My proposed research should greatly increase the ecological understanding of
endangered Gambusia in Texas. For example, the mesocosm study might reveal the
importance of aquatic vegetation for survival of gambusia, and the morphological
analyses could reveal that several endangered gambusia seem hyper-vulnerable to
predation. These results focus conservation efforts on providing aquatic vegetation and
combating predation. These factors prove especially important considering most native
habitats of the endangered gambusia suffer introduced predators and declining aquatic
vegetation due to decreasing spring flow and introduced fish species (e.g. common carp,
Cyprinus carpio, grass carp, Ctenopharyngodon idella).
My research should provide a better understanding of biocomplexity in the environment,
which will allow for more informed conservation, management and policy strategies.
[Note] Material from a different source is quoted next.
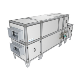 Особенности и преимущества: встроенная цифровая автоматика (MODBUS), пульт управления с цветным сенсорным дисплеем, удаленное управление (WEB-интерфейс), управление вентилятором по датчикам CO2 / VOC (опция), контроль загрязненности воздушного фильтра (цифровой датчик давления), управление увлажнителем, управление вытяжным вентилятором, воздушное отопление (опция CT), недельный таймер, VAV-совместимая вентустановка, вентилятор EBMPapst серии EC (инверторный), 10-ти ступенчатое регулирование производительности, фильтр класса G4 на входе притока, управление внешним ККБ, воздушный клапан на входе притока, с электроприводом с возвратной пружиной, термо- и шумоизолированный корпус, пластинчатый рекуператор.

While it emphasizes the biotic interactions of these freshwater ecosystems, the abiotic
factors of aquifer use, dam construction, fish introductions, and related activities largely
dictate what interactions might be present. With this research, I hope to provide insight
into important ecological mechanisms in order to produce more efficient and successful
conservation programs.
Literature Cited
1
Jackson, D.A., Peres-Neto, P.R. and Olden, J.D. 2001. What controls who is
where in freshwater fish communities - the roles of biotic, abiotic, and spatial factors.
Canadian Journal of Fisheries and Aquatic Sciences 58, 157-170.
2
National Wildlife Federation Report. 2002. Population, water, and wildlife.
3
Langerhans, R.B., Layman, C.A., Shokrollahi, A.M. and DeWitt, T.J. Predatorassociated morphological divergence among populations of livebearing fishes. To be
submitted to The American Naturalist.
4
Sih, A., Englund, G. and Wooster, D. 1998. Emergent impacts of multiple
predators on prey. Trends in Ecology and Evolution 13, 350-355.
5
Langerhans, R.B., DeWitt, T.J. and Layman, C.A. Multivariate selection and
emergent ecological impacts of multiple predators. To be submitted to Ecology.